Polson v. State

137 Ind. 519 | Ind. | 1893

Coffey, J.

The appellant was prosecuted, in the Allen Circuit Court, upon an affidavit and information consisting of four counts.

The first and second counts charge him with assault upon one Laura Dillon, a female child under the age of twelve years, with the intent to commit the crime of rape, and the third and fourth counts charge him with assault and battery upon the same person, with a like intent.

Upon a trial of the cause, the jury returned the following verdict: “We, the jury, find the defendant guilty of assault and battery with intent to commit the crime of rape, and we further find that he should be confined in the State prison for the period of five years, and fined in the sum of $5.”

It is contended by the appellant, that this verdict is defective, and should have been set aside by the trial court, because it does not recite that the jury found the *521appellant guilty as charged in the affidavit and information.

The verdict does show upon its face, that the jury found the appellant guilty of assault and battery with intent to commit the crime of rape, and that is the charge made against him in the affidavit and information. It is true that the recital suggested, which is usual in verdicts, would have removed all doubt, but we do not think we are authorized to assume that the jury found the appellant guilty of a crime with which he was not charged and upon which he was not tried.

We must presume that the jury found the appellant guilty of the assault and battery, for which they were sworn to try him, and the failure to recite that fact in their verdict, if it be a defect, is one which could not injure him. Kenneqar v. State. 120 Ind. 176; Beggs v. State, 122 Ind. 54.

A verdict is not bad for informality, if the court can understand it. It is to have a reasonable intendment and is to receive a reasonable construction, and must not be avoided except from necessity. Chambers v. Butcher, 82 Ind. 508; Daniels v. McGinnis, Admr., 97 Ind. 549.

At the proper time the appellant moved the court that he be discharged on the ground that the evidence in the cause, on behalf of the State, proved that he was guilty of the crime of rape, and not assault and battery with the intent to commit the crime of rape, as charged in the affidavit and information.
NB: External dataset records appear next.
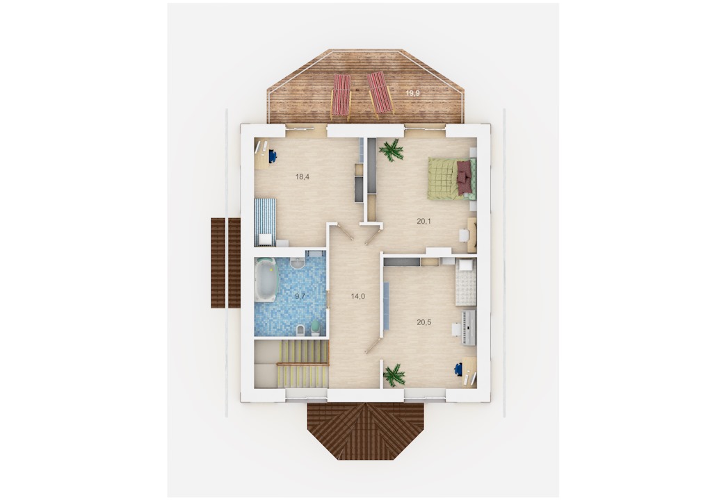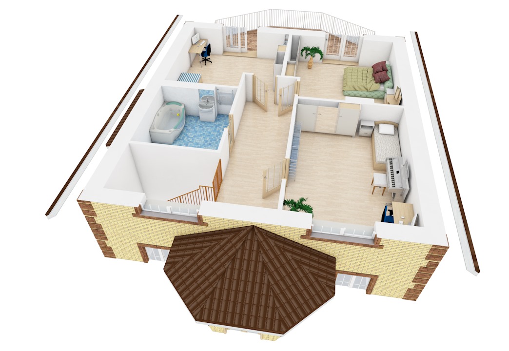 | 2 этаж | холл-коридор, ванная, 3 спальни, балкон |
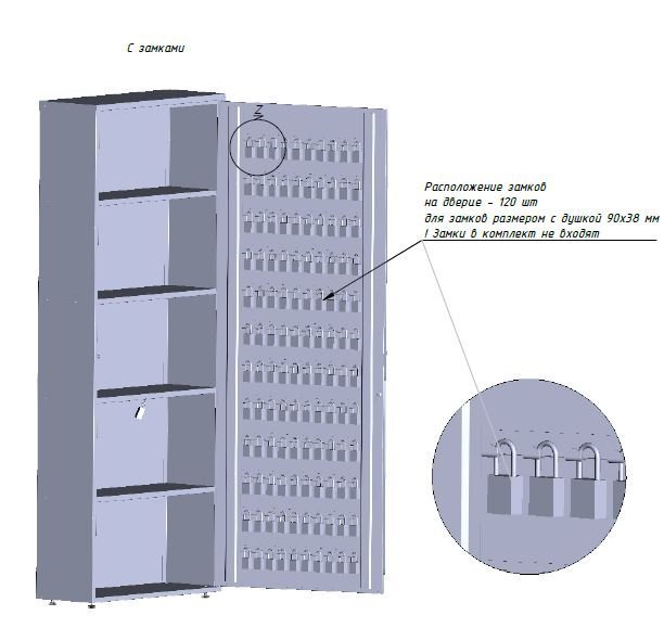 Шкаф с четырьмя полками и с подвесами для замков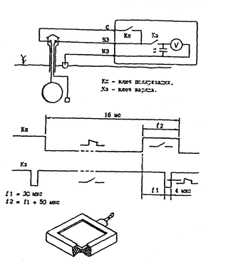 Коммутирующее устройство состоит из накопительного конденсатора емкостью 4,7 мкФ и реле, обеспечивающего попеременную коммутацию цепей «датчик – трубопровод» и «датчик – электрод сравнения». Этот метод не требует отключения системы ЭХЗ. Для измерения применяют приборы: ПКО, ПКИ-02, мультиметр 43313.1, которые совмещают в себе вольтметр и коммутирующее устройство. Продолжительность коммутации цепи «датчик электрод сравнения» не менее 5 мс, продолжительность коммутации цепи «датчик - трубопровод» не менее 50 мс. Вспомогательный электрод представляет собой стальную пластину определенного размера. Одну из сторон пластины изолируют. Плоскость датчика при установке должна быть ориентирована перпендикулярно оси трубы. Важно, чтобы датчик был максимально приближен к трубе. При проведении измерений по этому методу в измеряемую величину всегда входит и падение напряжения (градиент поля токов катодной защиты) между электродом сравнения и датчиком. Поэтому необходимо, чтобы электрод сравнения был максимально приближен к датчику, но при этом не экранировал его.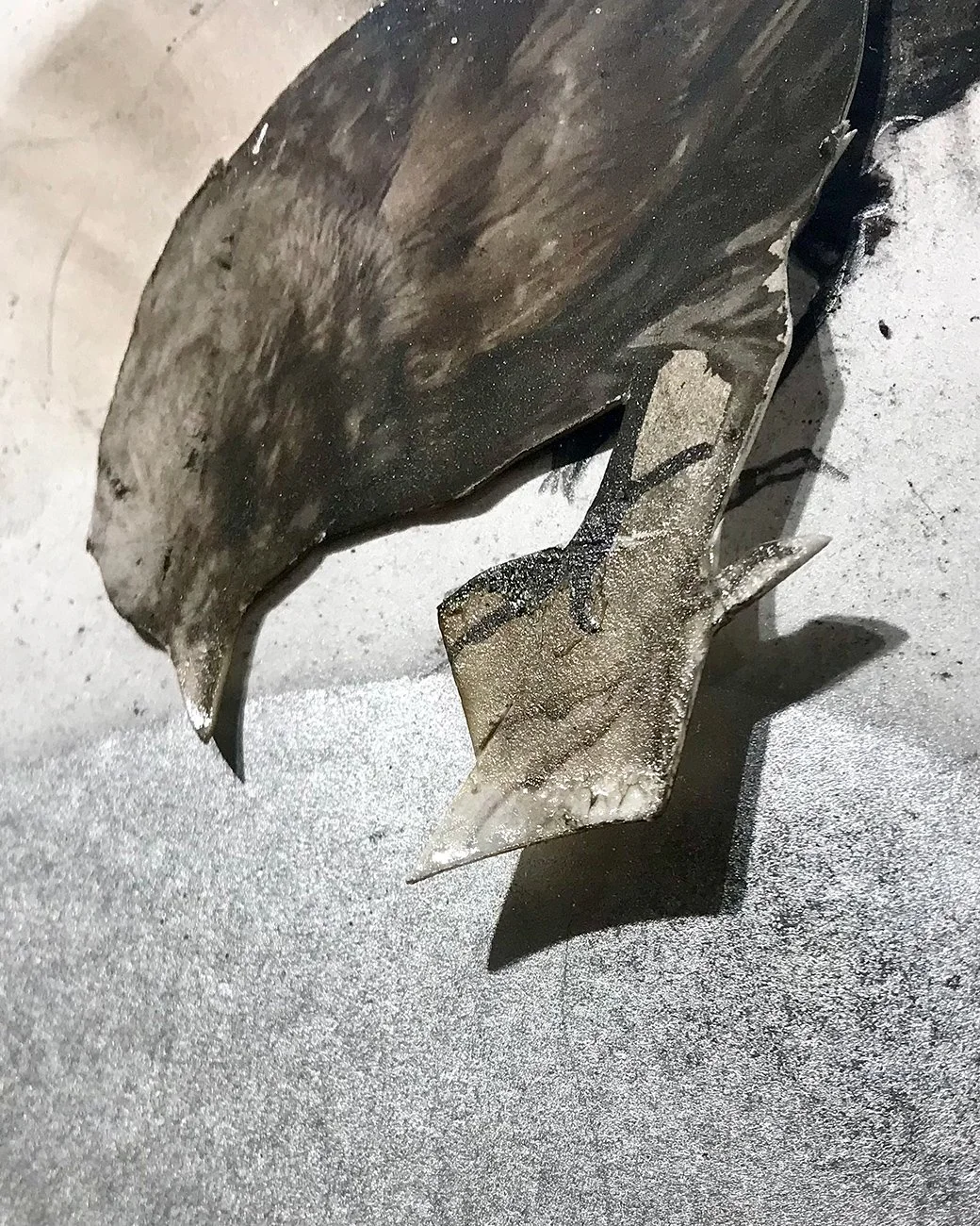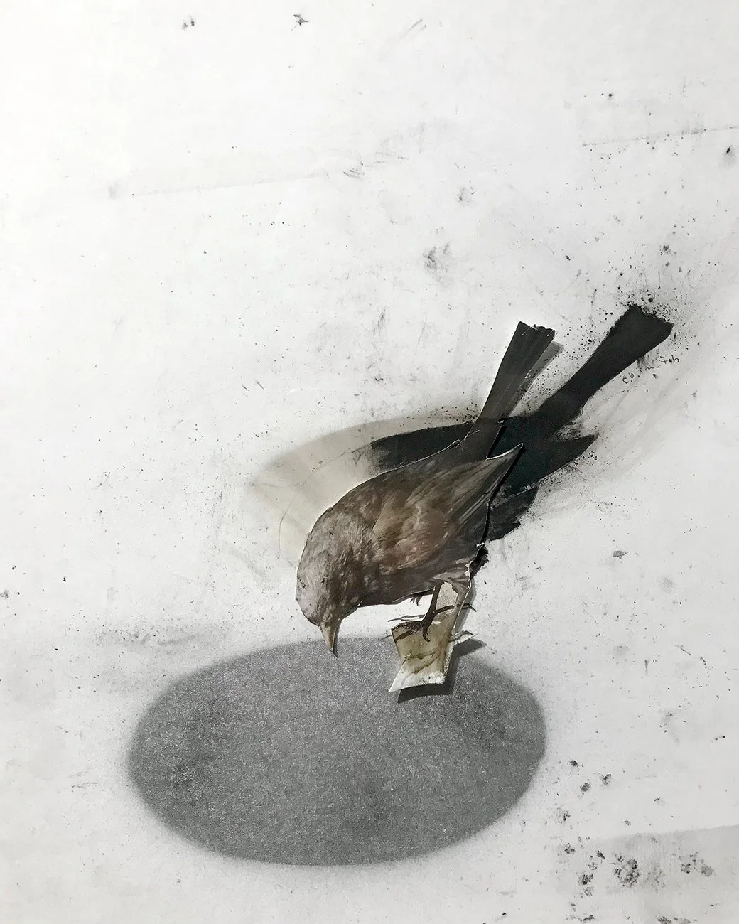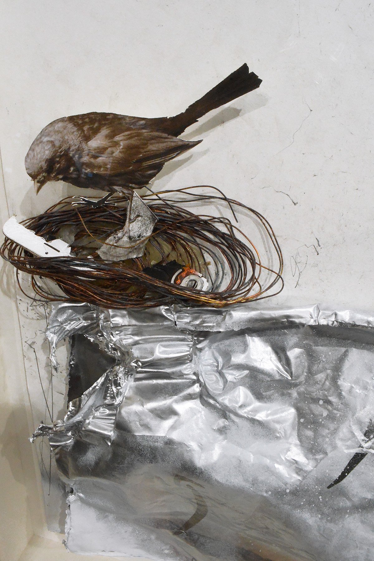 This series depicts wildlife dealing with and being distracted by human industrial residue, and are symbolic of our own tech addictions. Mixed media: Charcoal, graphite, photography, acrylic and oil based paints, found materials, discarded electronic parts.

The motion was overruled, and an exception reserved. The appellant also prayed the court, at the proper time, to instruct the jury, if they found from the evidence in the case that he was guilty of the crime of rape, that he could not be convicted of the charge of assault and battery with the intent to commit such crime; but the court refused to so instruct them, and instructed them that as*522sault and battery with intent to commit the crime of rape was included in the crime of rape, and that if they were satisfied from the evidence, beyond a reasonable doubt, that he was guilty of rape they might, under the affidavit and information in the cause, find him guilty of assault and battery with the intent to commit that crime.
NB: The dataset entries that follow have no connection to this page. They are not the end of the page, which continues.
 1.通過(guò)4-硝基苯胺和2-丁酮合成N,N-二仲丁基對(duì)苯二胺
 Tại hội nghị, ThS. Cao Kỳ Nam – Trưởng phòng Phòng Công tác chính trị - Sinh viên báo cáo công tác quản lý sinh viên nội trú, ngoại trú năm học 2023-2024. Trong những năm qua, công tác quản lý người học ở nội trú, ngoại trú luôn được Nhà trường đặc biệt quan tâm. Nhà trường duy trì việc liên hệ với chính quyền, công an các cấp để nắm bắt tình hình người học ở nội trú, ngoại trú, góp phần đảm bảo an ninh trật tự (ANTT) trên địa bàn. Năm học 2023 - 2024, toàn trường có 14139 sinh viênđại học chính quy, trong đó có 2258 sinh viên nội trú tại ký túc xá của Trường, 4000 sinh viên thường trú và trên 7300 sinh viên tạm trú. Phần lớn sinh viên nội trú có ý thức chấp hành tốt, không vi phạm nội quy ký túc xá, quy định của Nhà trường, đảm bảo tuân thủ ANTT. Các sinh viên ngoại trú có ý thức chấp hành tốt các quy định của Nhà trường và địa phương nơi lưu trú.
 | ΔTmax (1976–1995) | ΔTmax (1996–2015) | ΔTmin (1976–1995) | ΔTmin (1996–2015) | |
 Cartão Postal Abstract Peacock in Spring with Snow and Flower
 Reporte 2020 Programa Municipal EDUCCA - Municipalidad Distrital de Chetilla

It is contended by the appellant that the circuit court erred in these rulings.

The contention of the appellant is against the holding of this court in the case of Hamilton v. State, 36 Ind. 280.
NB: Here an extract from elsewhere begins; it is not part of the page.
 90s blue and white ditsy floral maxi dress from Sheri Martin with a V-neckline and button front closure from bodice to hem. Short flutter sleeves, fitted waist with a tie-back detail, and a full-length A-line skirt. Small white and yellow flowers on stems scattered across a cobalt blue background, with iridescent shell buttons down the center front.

It is true that a misdemeanor may be merged in a felony, but as a general rule one felony is not merged into another; especially is this true where the felonies are of the same grade.

The crime of assault and battery with intent to commit a rape, and the crime of rape, are both felonies belonging to the same class. It is impossible to conceive of a rape without an assault and battery for that purpose.

The crime of rape necessarily includes an assault and battery with the intent to commit a rape. As the appellant has violated the statute making it a felony to commit an assault and battery with the intent to commit a rape, and also the statute making it a felony to commit a rape,the State has the right to elect on which statute it will proceed, and it is not for him to say that he shall not be punished under the statute on which the State has chosen to charge him. Wharton’s Am. Cr. Law, sections 565, 566.

In our opinion the court did not err in the rulings above referred to.

During the progress of the trial, many objections to the admissibility of testimony were made by the appellant and overruled by the court, to which exceptions were reserved.

It was not error to permit the injured party to state *523the reason why she did not complain of her injuries to her mother.

It may be supposed that it would have been natural to make complaints to the mother, but, as this was not done, we can conceive of no good reason why the injured party should not be permitted to explain why this natural course of conduct was not pursued, if any reason for it existed.

Whether the reason was a good one, or otherwise, was a question for the jury.

Some of the questions propounded by the State to Laura Dillon, the injured party, were somewhat leading in form, but it does not appear that any injury resulted to the appellant by reason of that fact.

The witness was young and inexperienced, and by reason of this fact we presume the trial court thought it necessary to relax the rule, to some extent, as to the form of the questions to be propounded to her.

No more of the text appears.